Where you have a case where someone is promised something which can never be achieved and never obtained in the misleading or deceptive way, and the person cannot obtain it but does not suffer any other damage, one is not compensating for the loss or damage the person has suffered by reason of the contravention by giving the person expectation damages. As a matter of English, one is just not doing it. What one is doing is saying, "We will make the person who engaged in this misleading or deceptive conduct make good the representation so that you are in a position that you believed you might have been in had it been true." That is simply not within those words as a matter of English.

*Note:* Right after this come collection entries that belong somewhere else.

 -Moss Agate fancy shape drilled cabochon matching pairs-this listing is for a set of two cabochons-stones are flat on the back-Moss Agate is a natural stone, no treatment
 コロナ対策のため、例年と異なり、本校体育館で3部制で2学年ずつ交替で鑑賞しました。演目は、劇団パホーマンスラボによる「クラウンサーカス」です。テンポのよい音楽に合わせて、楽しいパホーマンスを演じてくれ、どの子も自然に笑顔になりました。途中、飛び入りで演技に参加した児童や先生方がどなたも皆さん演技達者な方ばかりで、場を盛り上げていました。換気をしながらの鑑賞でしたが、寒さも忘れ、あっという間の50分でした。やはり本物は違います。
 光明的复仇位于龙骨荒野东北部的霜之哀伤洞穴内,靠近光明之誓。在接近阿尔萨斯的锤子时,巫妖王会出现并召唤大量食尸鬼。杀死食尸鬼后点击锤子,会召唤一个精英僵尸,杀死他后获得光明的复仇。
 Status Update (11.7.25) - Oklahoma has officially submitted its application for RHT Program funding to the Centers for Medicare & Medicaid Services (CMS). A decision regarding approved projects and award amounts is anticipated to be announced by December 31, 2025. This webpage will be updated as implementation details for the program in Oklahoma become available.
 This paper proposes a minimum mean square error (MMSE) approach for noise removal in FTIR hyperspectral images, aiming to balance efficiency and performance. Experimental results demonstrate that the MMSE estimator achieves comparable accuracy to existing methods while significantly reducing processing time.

McHUGH J: Let us assume that in Hill v Van Erp the solicitor had said, "I am preparing a will for you, Mrs Beneficiary, which will enable you to get a legacy." and the solicitor had been sued under section 52. Why would not the measure of damages be the same under 82 in that case as this Court held it was in tort?

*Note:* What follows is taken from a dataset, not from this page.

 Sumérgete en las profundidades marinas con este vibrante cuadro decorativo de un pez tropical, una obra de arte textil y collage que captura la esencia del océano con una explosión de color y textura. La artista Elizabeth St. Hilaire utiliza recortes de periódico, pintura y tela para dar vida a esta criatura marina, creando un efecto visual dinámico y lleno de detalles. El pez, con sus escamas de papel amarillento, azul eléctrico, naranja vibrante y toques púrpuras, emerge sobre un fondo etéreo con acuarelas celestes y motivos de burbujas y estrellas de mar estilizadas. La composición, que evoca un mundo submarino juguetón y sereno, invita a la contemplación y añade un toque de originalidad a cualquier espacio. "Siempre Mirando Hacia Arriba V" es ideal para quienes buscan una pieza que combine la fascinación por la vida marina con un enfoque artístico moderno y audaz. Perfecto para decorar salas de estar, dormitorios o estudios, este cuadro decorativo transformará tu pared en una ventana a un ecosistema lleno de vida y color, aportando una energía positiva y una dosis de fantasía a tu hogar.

MR BENNETT: The measure of damages would be the loss of the chance of obtaining the legacy. That is reliance loss - - -
McHUGH J: It was not the loss of the chance, the Court held it was the loss of the legacy.
MR BENNETT: Yes. Well that is not really - yes, the reliance there was reliance, of course, by a different person, so when one talks of reliance damages, one has to apply that to a case where someone other than the applicant or plaintiff is the person to whom the representation was made. But if the conduct had not occurred, the beneficiary would have received the legacy or would have had a certain chance of receiving the legacy. That is the damages. That is not the contractual measure, that is the tort measure, and that is the appropriate measure in tort. But the contract measure here is not giving the person a legacy - - -
McHUGH J: I do not think it is. I think you will find that Hill v Van Erp was probably the first case in the British Commonwealth, at all events, that awards damages in tort for loss of an expectation, as opposed to the invasion of an interest or a legal right.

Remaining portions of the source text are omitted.